* Saved entries *

________

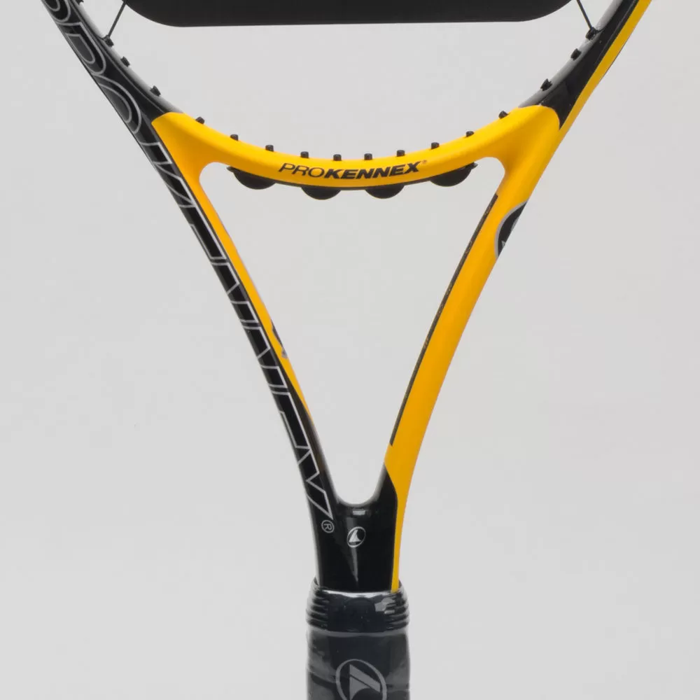 The ProKennex Black Ace 300G provides the perfect balance between power and flexibility on the court. This tennis racquet uses Spiral Tech graphite filaments to provide maneuverability and acceleration. Enjoy an exceptional feel from the Kinetic System’s stabilizing torsion in the frame. The shoulder’s trapezoid shape grows out of the handle in harmony with the oval shape of the head, creating a clean impact with the ball. For players who want to perform at full power without sacrificing precision, take a swing with the ProKennex Black Ace 300G!
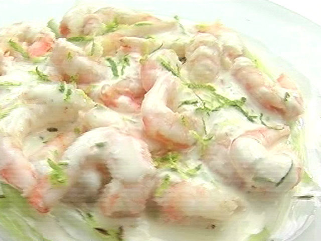 Закуска из креветок в дополнении с лаймовым соусом.Состав:креветки — 30 штук;огурец — 1 штука;лайм — 1 штука;йогурт, майонез — по 1 порции;сок лайма, белый перец, соль, тмин.
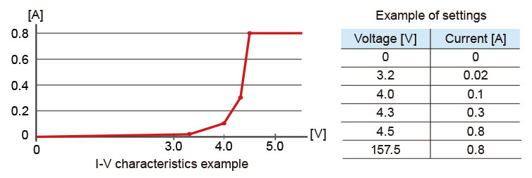 임의 IV 특성(ARB) 모드 임의 IV 특성(ARB) 모드에서는 IV 특성상의 임의의 점(전압값, 전류값 설정)을 복수 등록함으로써 임의 IV 특성을 설정할 수 있습니다. 임의의 점은 3개~100개까지 등록 가능합니다.
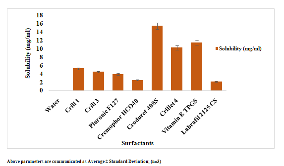 Fig. 2: Solubility of Ibrutinib in various SF, Data is given as mean±standard deviation; (n=3)
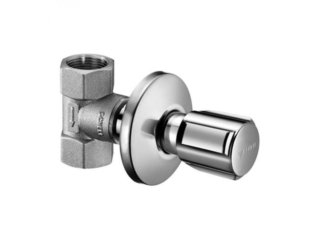 Uzatvárateľný a regulačný podomietkový vretenový ventil značky SCHELL, s rukoväťou COMFORT, s predĺženým driekom a posuvnou rozetou.

________

Repeat the entries exactly and keep the pictures out of the copy.

* TASK RESPONSE *
 The ProKennex Black Ace 300G provides the perfect balance between power and flexibility on the court. This tennis racquet uses Spiral Tech graphite filaments to provide maneuverability and acceleration. Enjoy an exceptional feel from the Kinetic System’s stabilizing torsion in the frame. The shoulder’s trapezoid shape grows out of the handle in harmony with the oval shape of the head, creating a clean impact with the ball. For players who want to perform at full power without sacrificing precision, take a swing with the ProKennex Black Ace 300G!
 Закуска из креветок в дополнении с лаймовым соусом.Состав:креветки — 30 штук;огурец — 1 штука;лайм — 1 штука;йогурт, майонез — по 1 порции;сок лайма, белый перец, соль, тмин.
 임의 IV 특성(ARB) 모드 임의 IV 특성(ARB) 모드에서는 IV 특성상의 임의의 점(전압값, 전류값 설정)을 복수 등록함으로써 임의 IV 특성을 설정할 수 있습니다. 임의의 점은 3개~100개까지 등록 가능합니다.
 Fig. 2: Solubility of Ibrutinib in various SF, Data is given as mean±standard deviation; (n=3)
 Uzatvárateľný a regulačný podomietkový vretenový ventil značky SCHELL, s rukoväťou COMFORT, s predĺženým driekom a posuvnou rozetou.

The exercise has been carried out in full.